» **Activity**: A verbatim copy of the data is wanted, minus any picture in it.

» **Supplied information**:

···

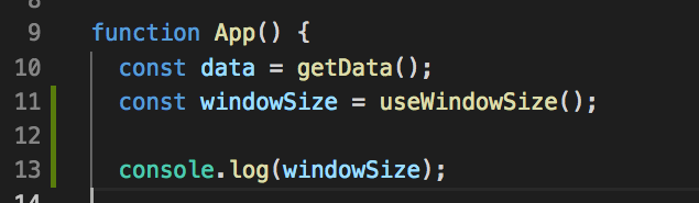 A custom Hook is a JavaScript function whose name starts with ”use” and that may call other Hooks.Our custom hook will be called useWindowSize, and it’ll call the useState and useEffect hooks.
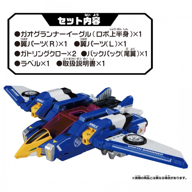 【セット内容】ガオグランナーイーグル(ロボ上半身)(1),翼パーツ(R)(1),翼パーツ(L)(1),ガトリングクロー(2),バックパック(尾翼)(1),ラベル(1),取扱説明書(1)
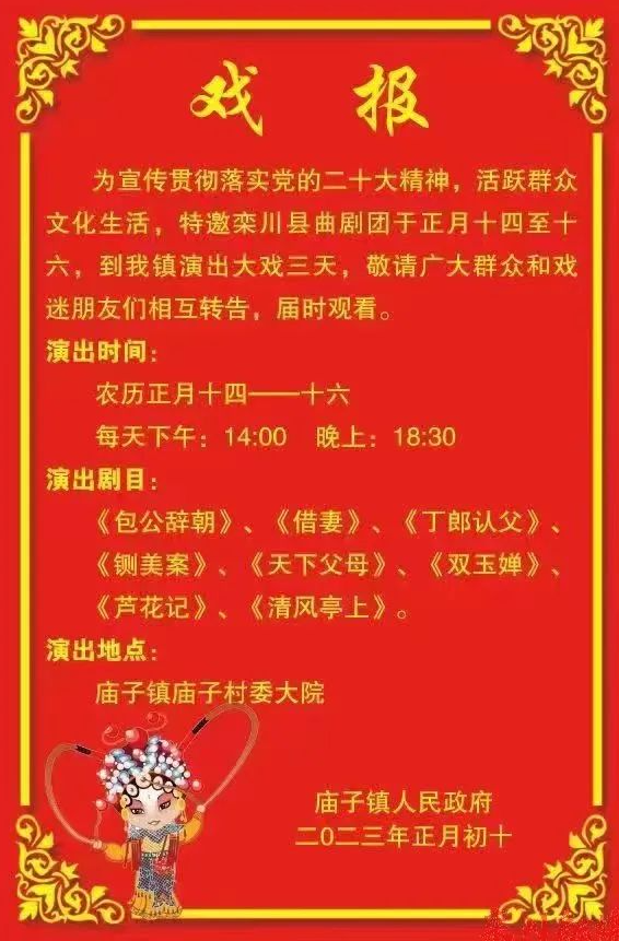 活動地址:廟子鎮(zhèn)廟子村文化廣場、上河村村委文化廣場、下廟社區(qū)、黃石砭村村委、磙子坪村委

···

» **Written response**:
 A custom Hook is a JavaScript function whose name starts with ”use” and that may call other Hooks.Our custom hook will be called useWindowSize, and it’ll call the useState and useEffect hooks.
 【セット内容】ガオグランナーイーグル(ロボ上半身)(1),翼パーツ(R)(1),翼パーツ(L)(1),ガトリングクロー(2),バックパック(尾翼)(1),ラベル(1),取扱説明書(1)
 活動地址:廟子鎮(zhèn)廟子村文化廣場、上河村村委文化廣場、下廟社區(qū)、黃石砭村村委、磙子坪村委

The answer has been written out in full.